WE all make mistakes, of course, not least last week's column in pondering possible lineage between Oliver Postgate, creator of Ivor the Engine, and Oliver Postgate, the Catholic martyr still venerated around Egton Bridge in North Yorkshire. The martyr, as Bernard Harrison in Bishop Auckland points out, was the Blessed Nicholas Postgate. The campaign for his canonisation continues.
Eric Smallwood in Middlesbrough urges us to sound off about mistakes in radio pronunciation. On TFM he heard a breathless female announcer talk of a "mort-gay" - you know, the monthly millstone - whilst on Darlington-based Alpha another young lady made a frightful bish of reconnaissance.
Whilst similarly switched on, Eric might also have wondered whatever happened to BBC English. Other examples willingly aired.
STILL less gets past Tony Hillman, Darlington-based film historian and acknowledged silver screen scrutineer.
In the new film Mike Bassett, England Manager, for example, Bassett is shown heading from Norwich (his previous club) to London by GNER, when everyone - Tony, anyway - knows that Norwich to London is either Anglia Railways or Great Eastern.
More puzzling yet there is Enigma, the wartime spy film which not only depicts concrete railway sleepers - which weren't, of course, lying around during the war - but vast fields of oil seed rape.
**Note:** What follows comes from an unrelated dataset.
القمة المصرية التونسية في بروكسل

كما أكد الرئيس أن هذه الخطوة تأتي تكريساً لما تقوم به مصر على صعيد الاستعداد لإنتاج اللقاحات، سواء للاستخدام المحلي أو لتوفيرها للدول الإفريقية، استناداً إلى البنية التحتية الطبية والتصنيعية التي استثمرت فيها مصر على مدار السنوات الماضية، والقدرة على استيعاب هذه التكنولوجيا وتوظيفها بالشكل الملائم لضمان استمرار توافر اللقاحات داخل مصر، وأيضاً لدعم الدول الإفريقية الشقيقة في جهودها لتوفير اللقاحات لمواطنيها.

The yellow peril had yet to get up the national nose either.
ANOTHER waft of football nostalgia followed last week's passing reference to Bob Hardisty, the greatest of all Bishop Auckland's amateur players of the 1950s (but who learned all he knew at Shildon.)
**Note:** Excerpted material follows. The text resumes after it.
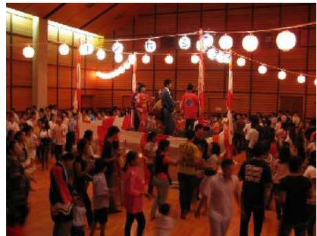
盆踊り大会の様子。舞台の上は日本的だが、下では皆カンボジア式に踊っている。

カンボジア日本人会主催の盆踊り大会が10月18日、カンボジア日本人材開発センターで開かれた。当日はあいにくの雨模様の中、当地に滞在している日本人、外国人、多くのカンボジア人が集まり、踊りや屋台で日本文化を楽しんだ。会場を覗いてみると、盆踊りの飾りつけは日本風だが、流れてくる曲はポピュラー音楽ばかりで、腰の前で手を左右にひらひらさせるカンボジア式の踊りを皆踊っていた。ディスコのような青いスポットライトの照明もあり日本の盆踊りとはイメージが違ったが、皆楽しく踊っていて「これがカンボジアの盆踊りなんだ」と妙に納得した。

Bob was simultaneously a Durham County Council PE adviser, the schools in his patch including the small village primary in east Durham at which Harry Page helped run the first ever football team.
"Since funds were allocated on a 'per capita' basis, "we had to make buttered popcorn and collect jam jars in order to equip the team," recalls Harry, now in Murton.
It was, he adds, a long and tedious process. "I attended coaching courses run by Bob and an ex-Sunderland player called George Aisnley and often assaulted Bob's ears about the unfairness of the financial allocation."
On his return to school one lunchtime, however, he was told by the children that a "tall, thin man with not much hair" had left him a parcel.
The parcel contained two new footballs and a note. "Harry: this should keep you quiet - Bob."
OUR language owes much to ancient Rome, of course, which explains a present day plea from Peter Sotheran in Redcar.
"What little remains of my schoolboy Latin tells me that sheep cannot suffer from BSE.
"If they are to be smitten it is more likely to OSE, or ovine spongiform encephalitis, rather than the bovine version. Please help rectify this careless use of our language."
Bovis is Latin for ox, ovis for sheep. Quad erat demonstrandum? Probably not.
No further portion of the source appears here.